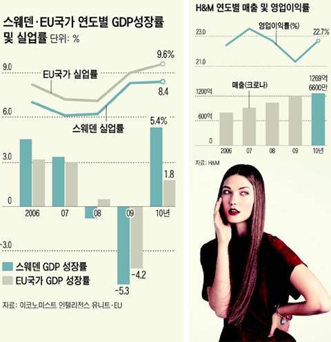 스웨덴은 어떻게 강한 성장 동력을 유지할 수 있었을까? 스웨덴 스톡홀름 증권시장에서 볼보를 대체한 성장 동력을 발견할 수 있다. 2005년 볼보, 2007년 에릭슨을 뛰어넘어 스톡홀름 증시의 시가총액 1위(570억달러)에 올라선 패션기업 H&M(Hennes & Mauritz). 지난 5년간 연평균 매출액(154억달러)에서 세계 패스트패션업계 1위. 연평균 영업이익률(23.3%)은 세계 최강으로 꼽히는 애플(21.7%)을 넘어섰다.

________

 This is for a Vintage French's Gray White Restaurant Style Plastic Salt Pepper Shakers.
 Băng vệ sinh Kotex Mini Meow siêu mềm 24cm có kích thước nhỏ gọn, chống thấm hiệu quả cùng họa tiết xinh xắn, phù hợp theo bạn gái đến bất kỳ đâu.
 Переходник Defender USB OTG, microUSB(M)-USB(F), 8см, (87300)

________

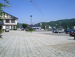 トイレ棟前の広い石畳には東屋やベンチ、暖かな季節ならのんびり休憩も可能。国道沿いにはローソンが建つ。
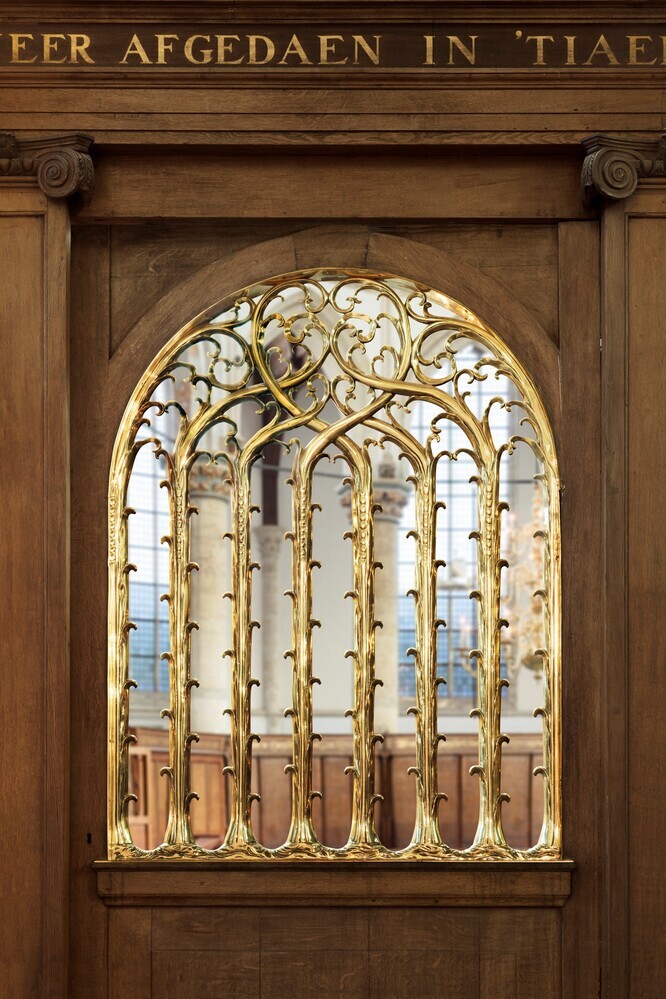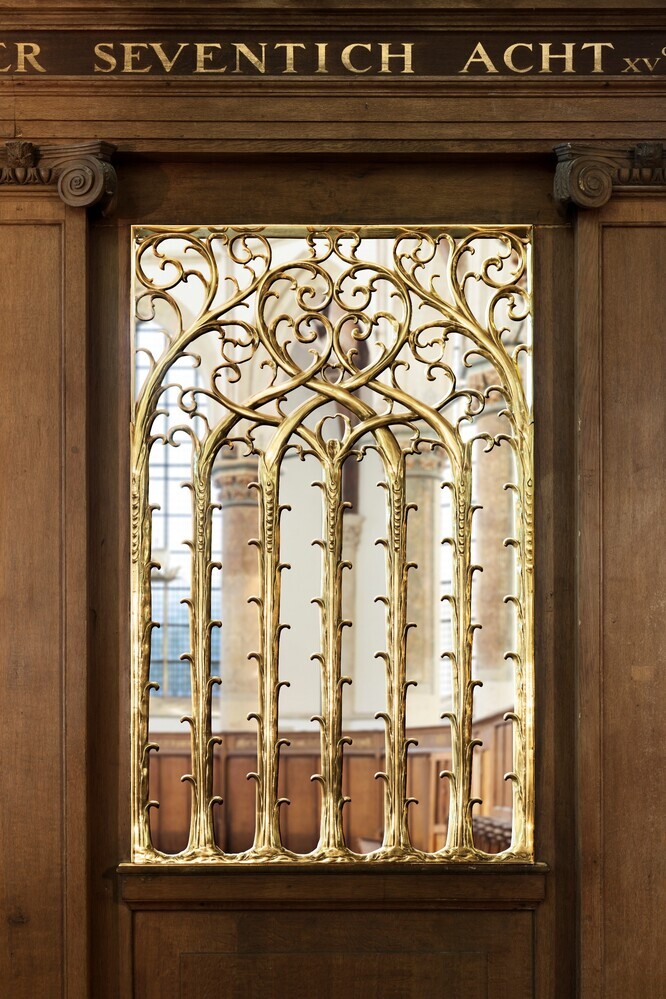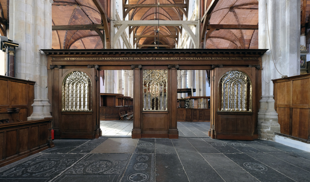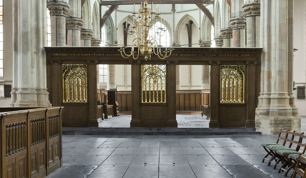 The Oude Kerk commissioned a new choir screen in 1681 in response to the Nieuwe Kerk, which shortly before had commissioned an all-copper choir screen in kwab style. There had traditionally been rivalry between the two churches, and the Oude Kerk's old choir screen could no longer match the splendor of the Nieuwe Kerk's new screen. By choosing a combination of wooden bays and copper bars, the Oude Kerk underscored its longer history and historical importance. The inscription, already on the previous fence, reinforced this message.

________

WHAT THE TASK REQUIRES: In the listing above, find the line containing "This is for" and the line containing "Băng vệ sinh". Output them and every line between, exactly, and nothing else.

RESULT:
 This is for a Vintage French's Gray White Restaurant Style Plastic Salt Pepper Shakers.
 Băng vệ sinh Kotex Mini Meow siêu mềm 24cm có kích thước nhỏ gọn, chống thấm hiệu quả cùng họa tiết xinh xắn, phù hợp theo bạn gái đến bất kỳ đâu.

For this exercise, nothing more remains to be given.